TASK BRIEF: In the entries that follow, repeat exactly the lines from the one that has "- Energieder jährliche" through the one that has "LINEX® Schriftschablonen aus", but omit pictures.

DATA FOR THIS EXERCISE:

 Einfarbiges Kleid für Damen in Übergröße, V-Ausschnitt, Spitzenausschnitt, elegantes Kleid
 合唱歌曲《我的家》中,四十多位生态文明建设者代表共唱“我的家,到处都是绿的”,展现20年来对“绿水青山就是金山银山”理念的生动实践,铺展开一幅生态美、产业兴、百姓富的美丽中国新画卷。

==

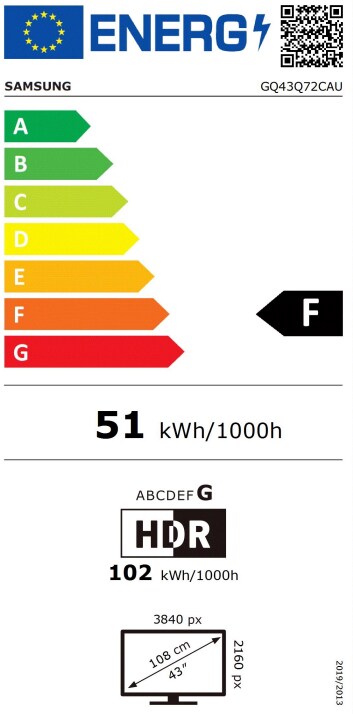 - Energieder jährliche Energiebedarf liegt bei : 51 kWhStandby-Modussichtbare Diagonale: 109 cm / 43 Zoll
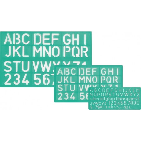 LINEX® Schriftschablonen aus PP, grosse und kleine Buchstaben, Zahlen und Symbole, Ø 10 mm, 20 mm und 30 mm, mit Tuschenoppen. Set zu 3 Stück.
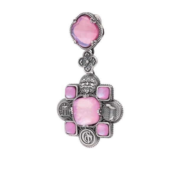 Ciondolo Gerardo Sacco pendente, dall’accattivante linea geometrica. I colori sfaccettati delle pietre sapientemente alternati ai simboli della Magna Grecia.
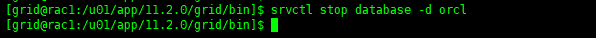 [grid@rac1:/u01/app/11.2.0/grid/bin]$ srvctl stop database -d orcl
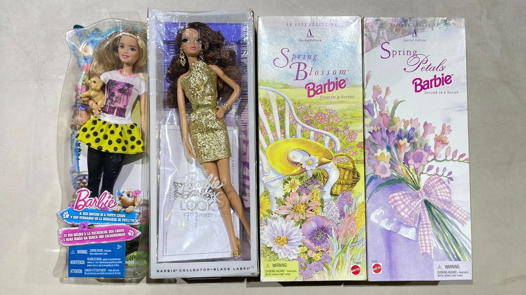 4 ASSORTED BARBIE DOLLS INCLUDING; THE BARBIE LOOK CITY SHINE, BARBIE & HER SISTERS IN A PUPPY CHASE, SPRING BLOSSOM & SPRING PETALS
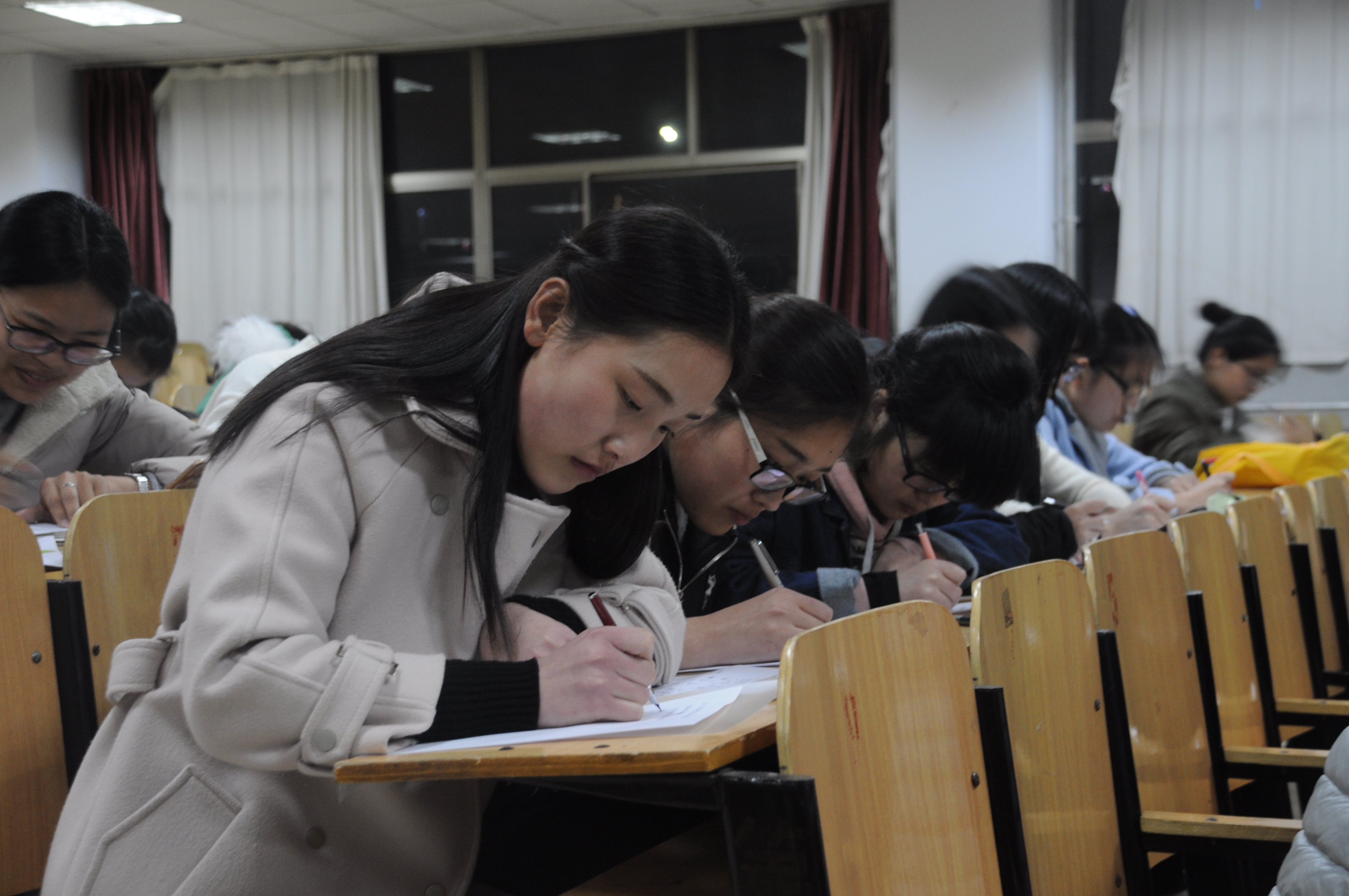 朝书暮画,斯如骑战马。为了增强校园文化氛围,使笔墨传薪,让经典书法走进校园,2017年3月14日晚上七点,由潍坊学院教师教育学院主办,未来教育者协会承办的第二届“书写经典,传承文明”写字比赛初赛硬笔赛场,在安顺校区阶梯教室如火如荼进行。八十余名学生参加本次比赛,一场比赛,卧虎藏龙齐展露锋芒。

...

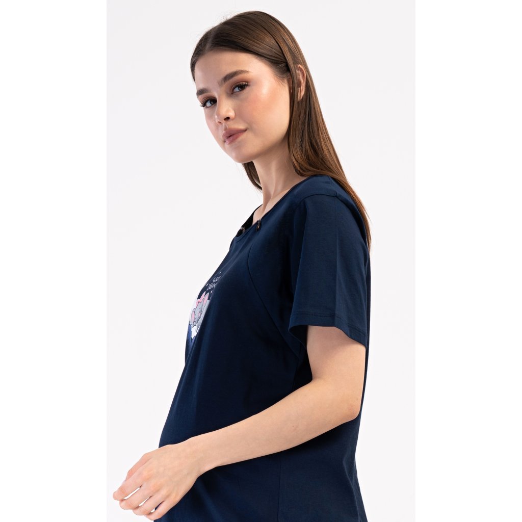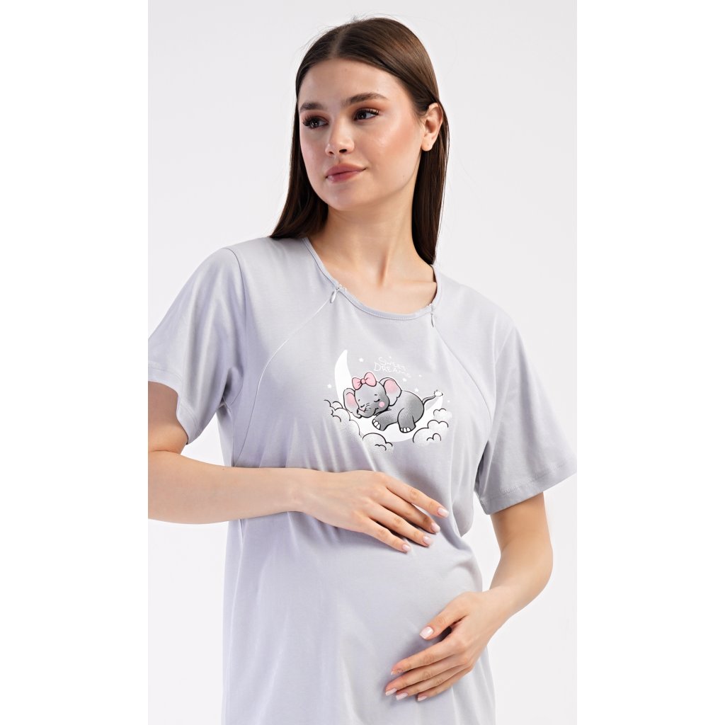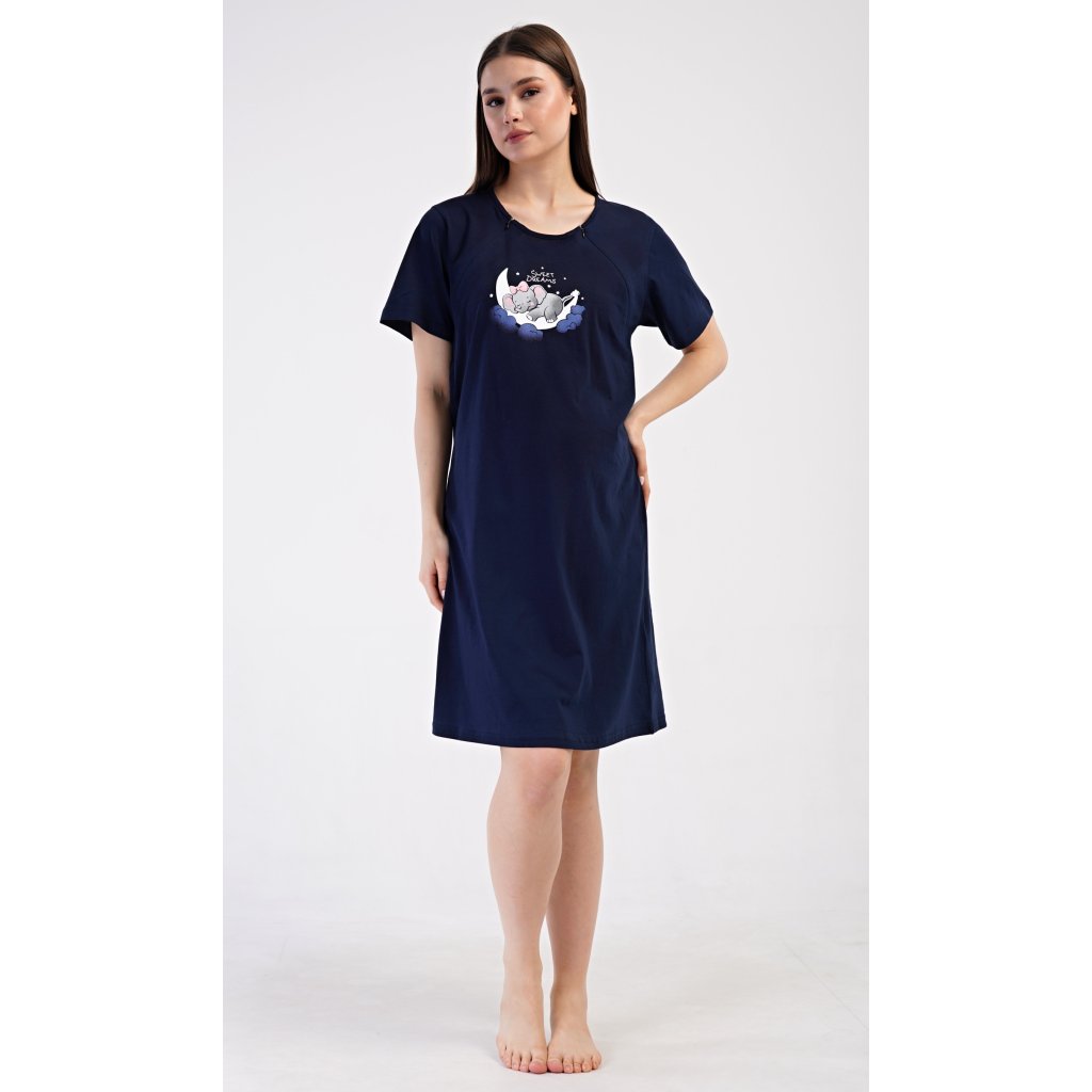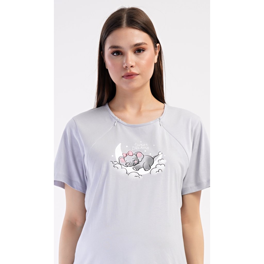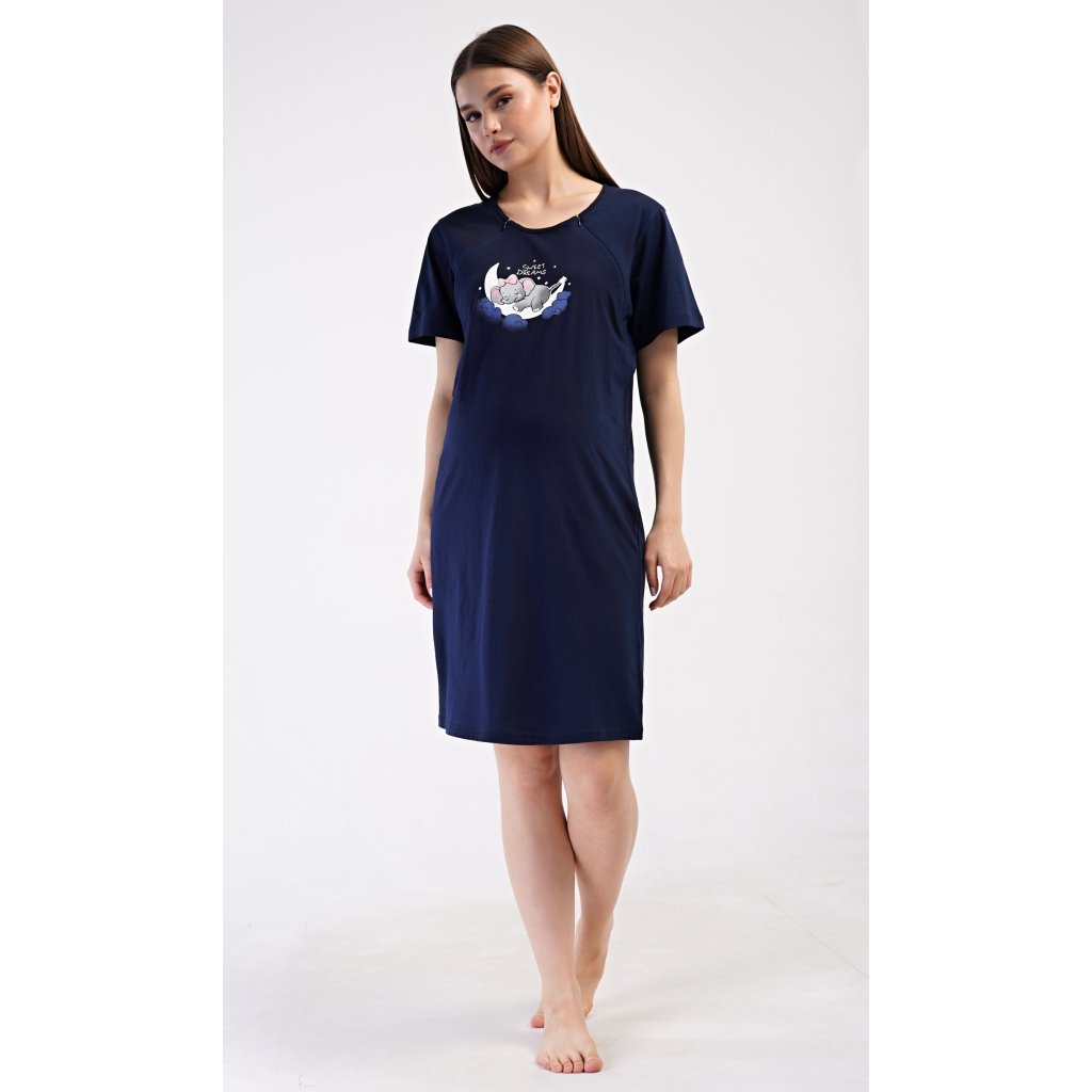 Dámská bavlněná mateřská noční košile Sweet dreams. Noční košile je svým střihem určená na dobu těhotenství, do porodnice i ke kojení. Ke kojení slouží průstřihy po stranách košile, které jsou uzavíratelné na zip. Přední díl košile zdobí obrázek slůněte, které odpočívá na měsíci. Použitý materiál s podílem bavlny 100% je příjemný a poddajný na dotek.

ANSWER SPACE:
 - Energieder jährliche Energiebedarf liegt bei : 51 kWhStandby-Modussichtbare Diagonale: 109 cm / 43 Zoll
 LINEX® Schriftschablonen aus PP, grosse und kleine Buchstaben, Zahlen und Symbole, Ø 10 mm, 20 mm und 30 mm, mit Tuschenoppen. Set zu 3 Stück.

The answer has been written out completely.